The most frustrating part about the holidays, for me, is allowing myself to let go a little, but not too much. I have never been good at moderation, especially when it comes to my two nemeses: Work and Food.
Work seems as though it would be easier, as one can leave it behind at the office and go home. There's a slight problem with that, though, as I do half of my work from home, and my home is also part of what I work on. I can't go to bed if there's too much junk lying around, waiting to be picked up, and I have a hard time leaving dishes in the sink (although I have relaxed quite a bit on that one…I have a deep sink and I can pretend they're not there). I also have had trouble sleeping for the last week just because I'm going to be taking over some other people's duties while they're away and I worry that I'm going to forget to do all of that and screw everything up. Aaaand the Christmas singing stuff is about to go down and I'm still struggling with the new jaw tightness that makes everything a hundred times harder. Sigh.
Did I mention that I hate change? because, yeah, I do. I really, really do.
Anyway, when I get stressed out, I tend to relax with my diet a little bit, but that usually means I allow myself to eat candy as a meal replacement. It's got milk in it, right? That means it falls under the "dairy" category and is therefore healthy. Raisins? Got some fruit in there, too. I'm all set. If it has peanut butter, it's so freaking healthy I almost don't want to have it, but I guess I can suck it up and get my protein on.
Yeah, Reese's Pieces and Raisinets encompass three of the four food groups.

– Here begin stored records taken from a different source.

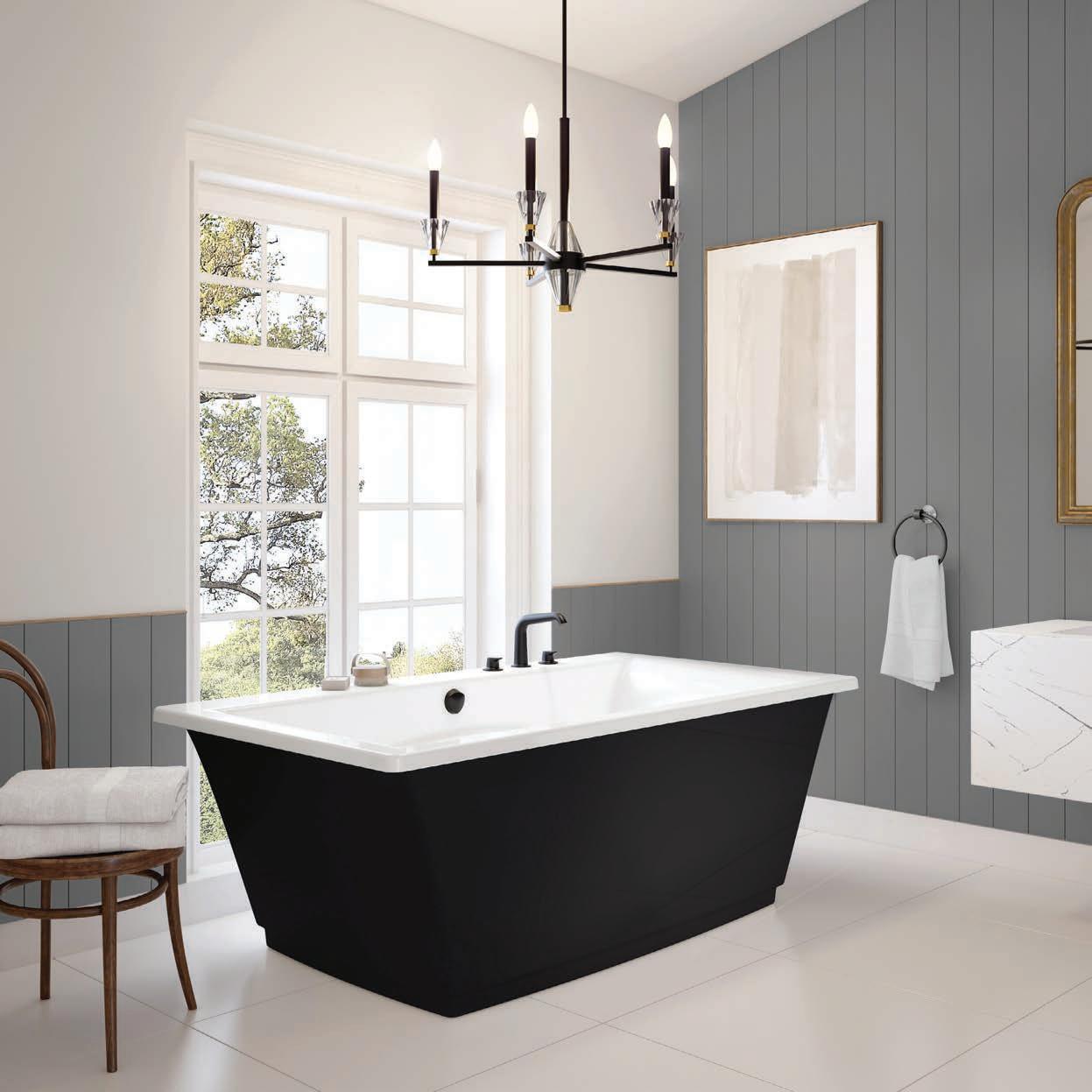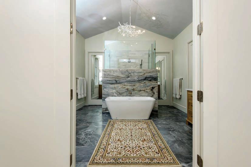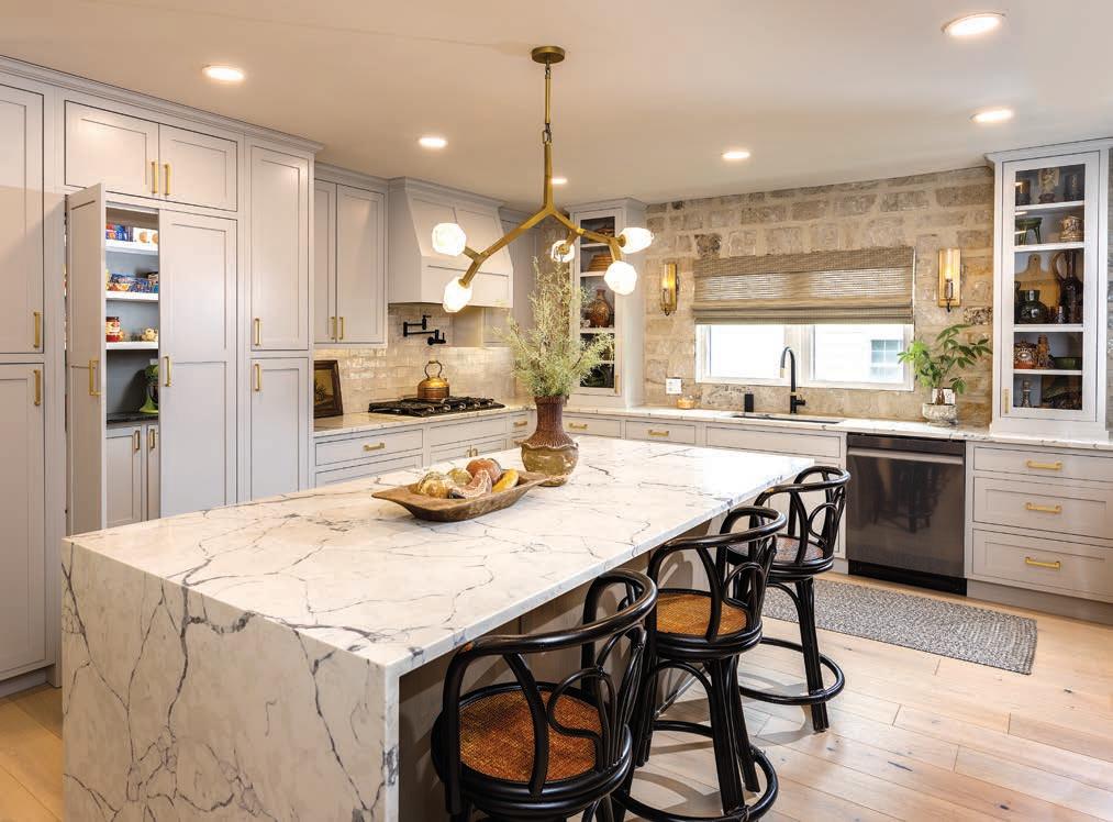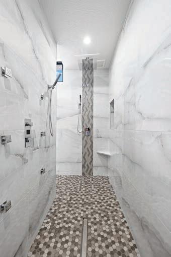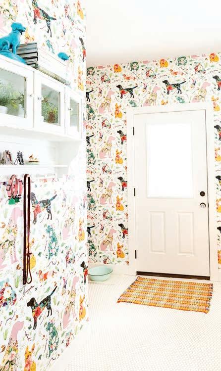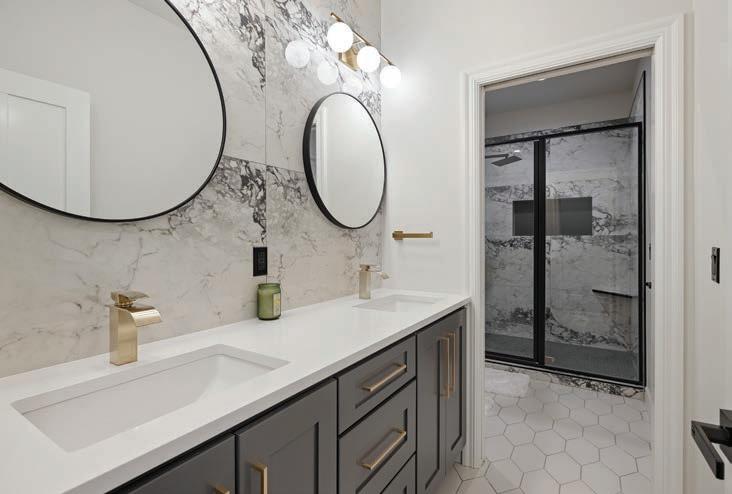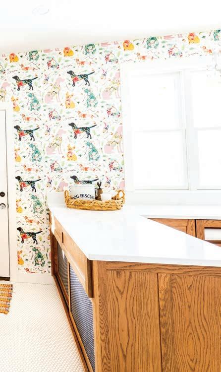 The accessories and patterns Taylor brought together in this project create a timelessly elegant space that doesn’t take itself too seriously. A watercolor portrait of a deer and neutral animal print wallpaper combine classic with whimsical. Mixing metals is one of Taylor’s signature design touches, so glimmers of gold next to nickel break the traditional mold via the vanity, faucet, mirror and light fixture. “Our idea was to create a toneon-tone color scheme with just a little bit of the reflectivity of gold,” he says.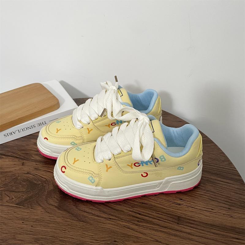 Модные повседневные низкие студенческие спортивные кроссовки Модные универсальные Новинка Буквы Граффити Толстая подошва Женская обувь Tenis De Mujer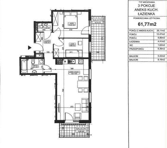 Zapraszam do zapoznania się z ofertą sprzedaży komfortowego, obszernego 3 pokojowego mieszkania z dwoma balkonami,
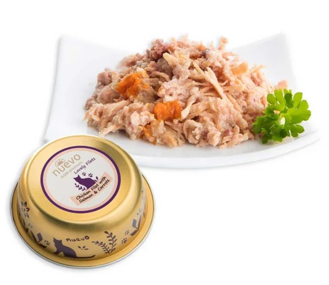 Nuevo Chicken Filet with Salmon & Carrots, 85 г - супер-премиальные консервы для взрослых кошек с куриным филе, лососем, морковью и лососевым жиром.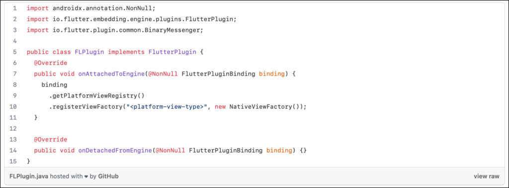 Register the plugin by modifying the plugin`s main file (FLPlugin.java) under the android/src/main/…/FLPlugin.java folder with the below changes.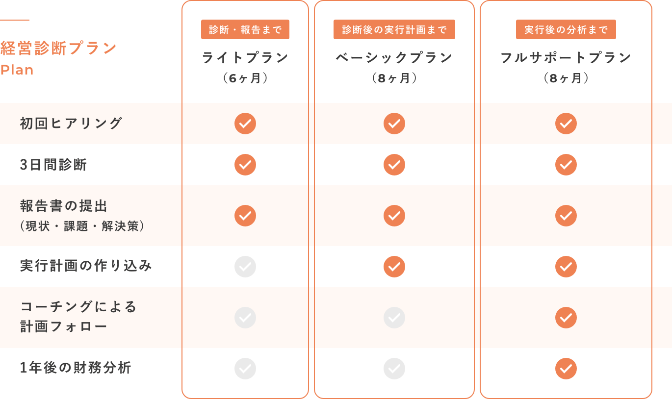 経営診断は、多数の企業支援実績がある中小企業診断士が行います。経営診断により、今まで気づかなかった新たな課題が見つかる場合や自分が考えていた現状や方向性と同じということもあるでしょう。いずれの場合も第三者からの客観的な見方や正しい手順を知ることで、方向性に迷いがなくなり、戦略実現までの行動スピードの加速が期待できます。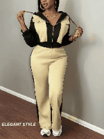 | 6F. Կանացի աշնանային-ձմեռային նորաձև սպորտային հավաքածու՝ կոստյումը գլխարկով և տաբատով՝ գունագեղ պալիտրայով: Գույնը սև-բեժ |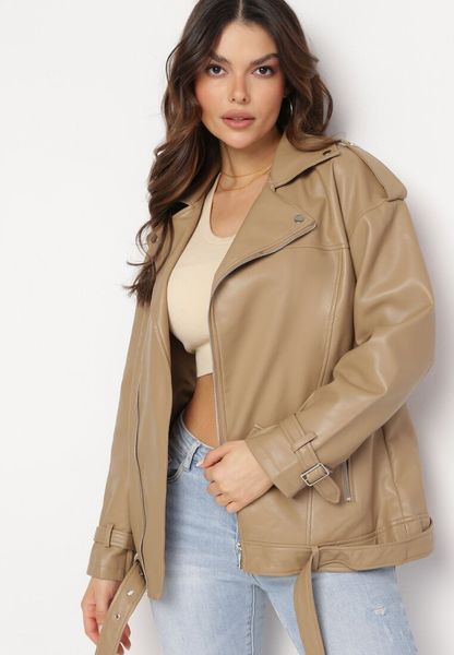Beżowa Kurtka Ramoneska z Ozdobnym Paskiem z Ekoskóry Kotiara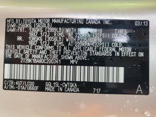 | VIN: | 2T2BK1BA8DC200341 |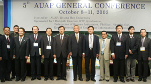 | ¡ã Áö³ 9ÀÏ ¿¸° AUAP ±¹Á¦È¸ÀÇ °³¸·½Ä¿¡¼ Á¶Á¤¿ø ÃÑÀå(¿ÞÂÊ¿¡¼ ´Ù¼¸¹øÂ°)ÀÌ È¸¿ø´ëÇÐ ÃÑÀåµé°ú ±â³äÃÔ¿µÀ» Çϰí ÀÖ´Ù. |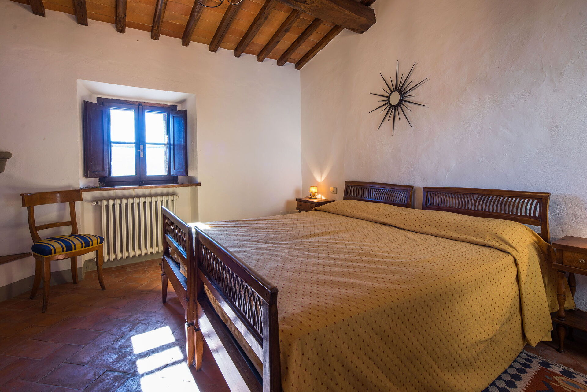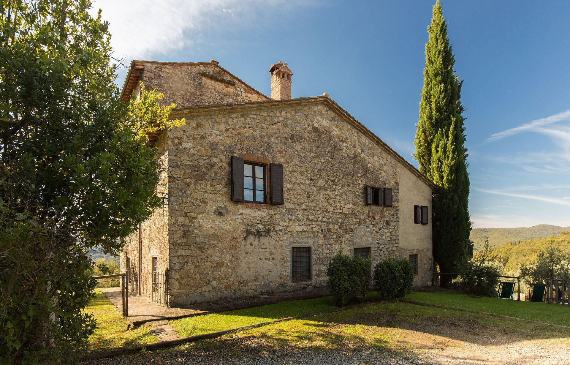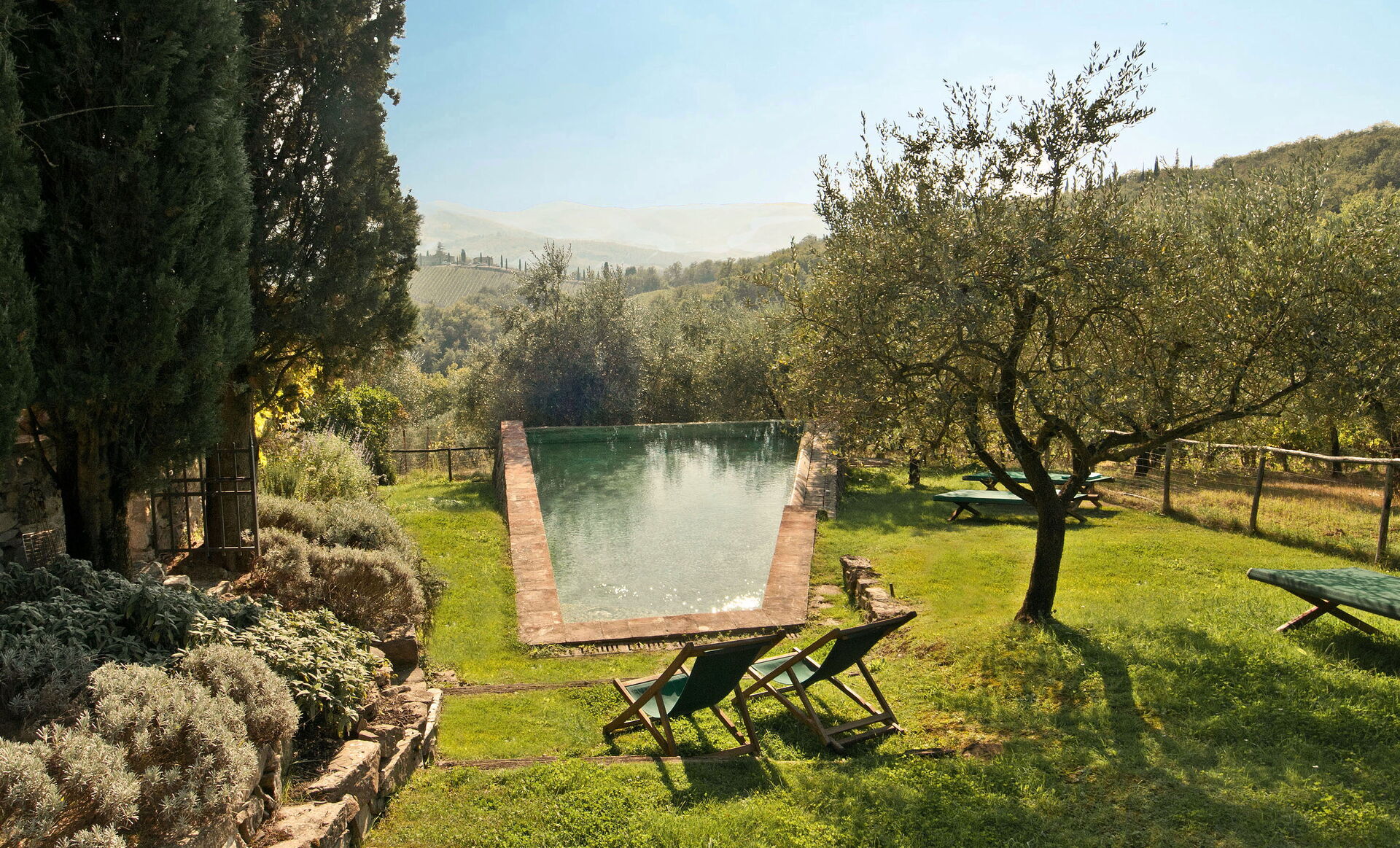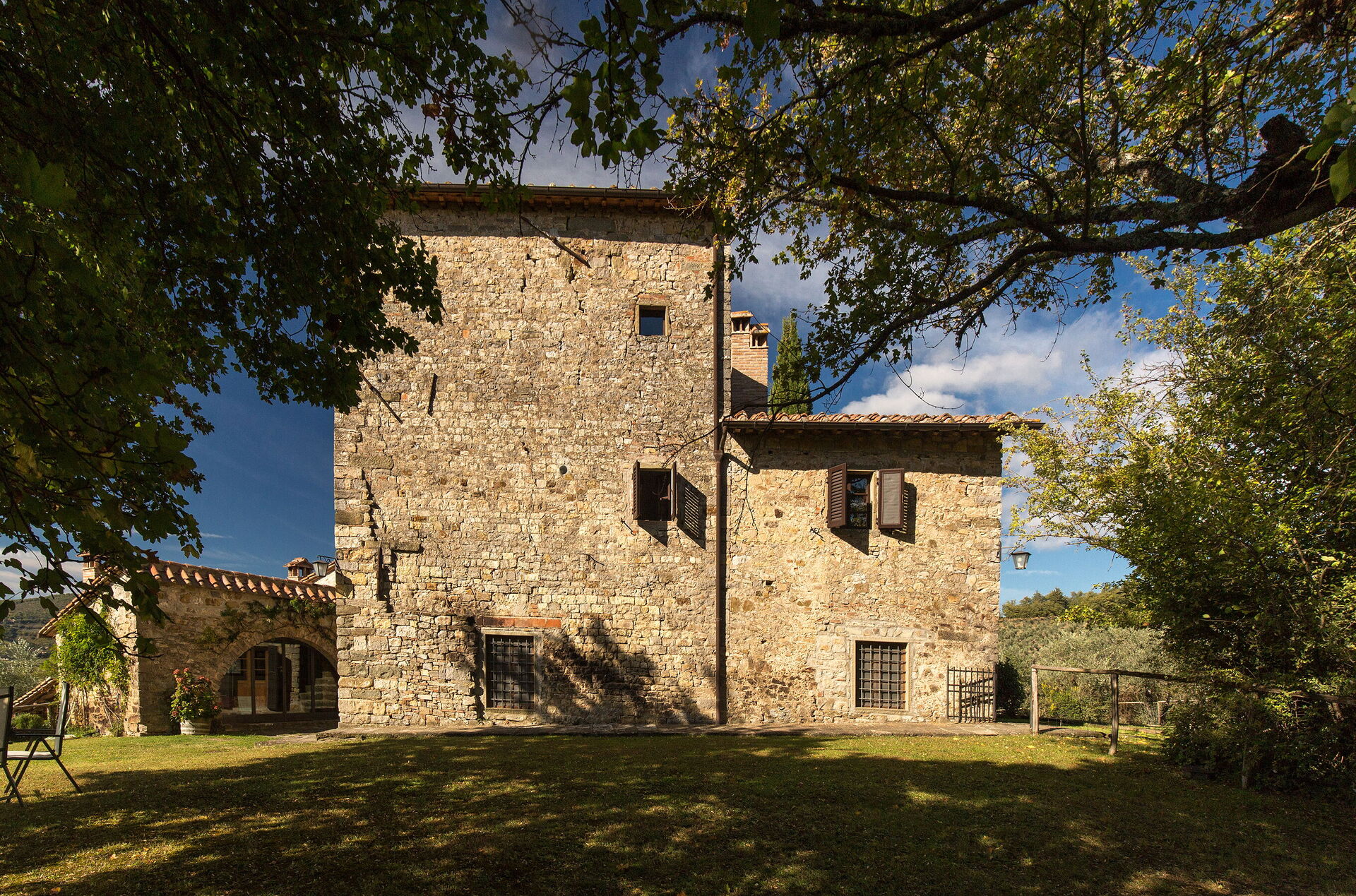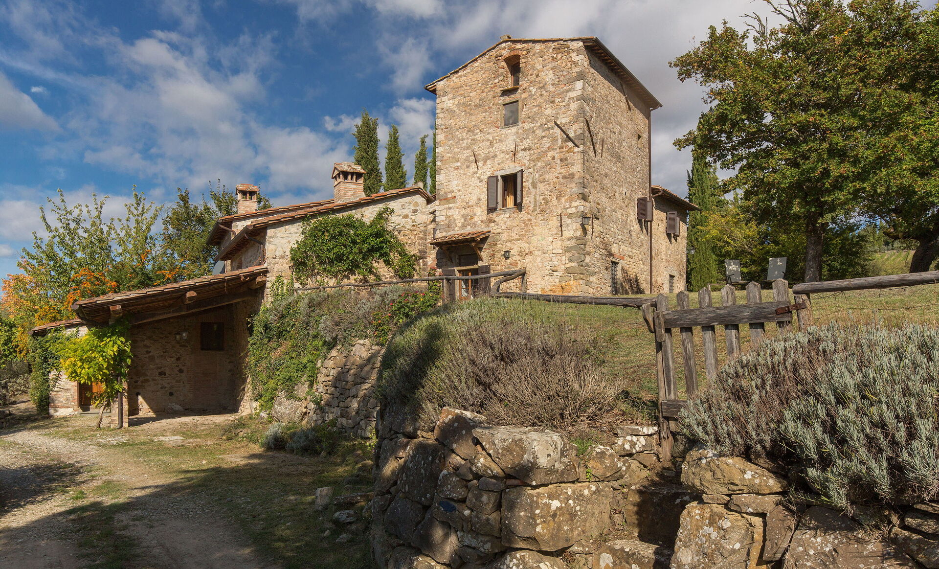 Questa splendida colonica si trova in posizione molto appartata nella tenuta del Castello di Volpaia. dove si trova anche l'altra villa parte della nostra offerta, Pozza di Volpaia. Dalla veranda gli ospiti godono di una vista stupenda; quest'area esterna è attrezzata per cenare all'aperto, e comoda per le famiglie con bambini poiché da lì si può tenere d'occhio la piscina. Il borgo fortificato di Volpaia offre due ristoranti assai carini, uno dei quali appartiene al proprietario della tenuta. Lo staff locale può organizzare su richiesta lezioni di cucina e visite alle cantine, oltre a fornire assistenza generale durante il soggiorno.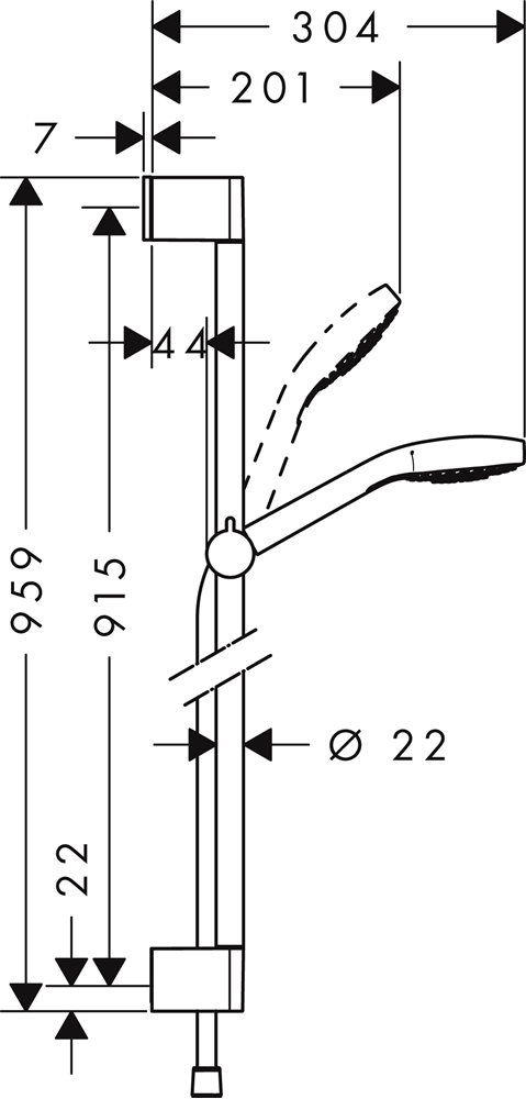 • duschstång diamter: 22 mm

What of it?
So, how to work a little harder to get stuff done, and how to relax my eating a little so I can have some treats but not gain weight? I just don't know. I always overdo. Here is a great example: Once, a long, long time ago, I had a cold. My voice teacher told me I should try to cough as little as possible, because I was getting ready for a performance and I wanted to be as kind to my cords as possible. So I didn't cough, even though I needed to. I ended up with pneumonia, because the fluid collected in there because I was bound and determined not to cough, so I didn't. At all.
Good job, me.
So I guess maybe if I focus on just being balanced and letting some things go a little, I will feel better about the whole thing. Maybe. Although, technically, that would be change and I am still pretty uncomfortable with anything that involves not being in my little happy place.
So, maybe a little more Reese's action and a little less work. A little. Like, maybe I won't go in on Christmas Day or New Year's Day this year. Maybe.
I'll do my best. To not do my best. Wait a minute…what? Because, really, the lesson I learned today is that I should cough and eat Reese's Pieces.
Mmmmm. Reese's Pieces. Okay, I'm happy now.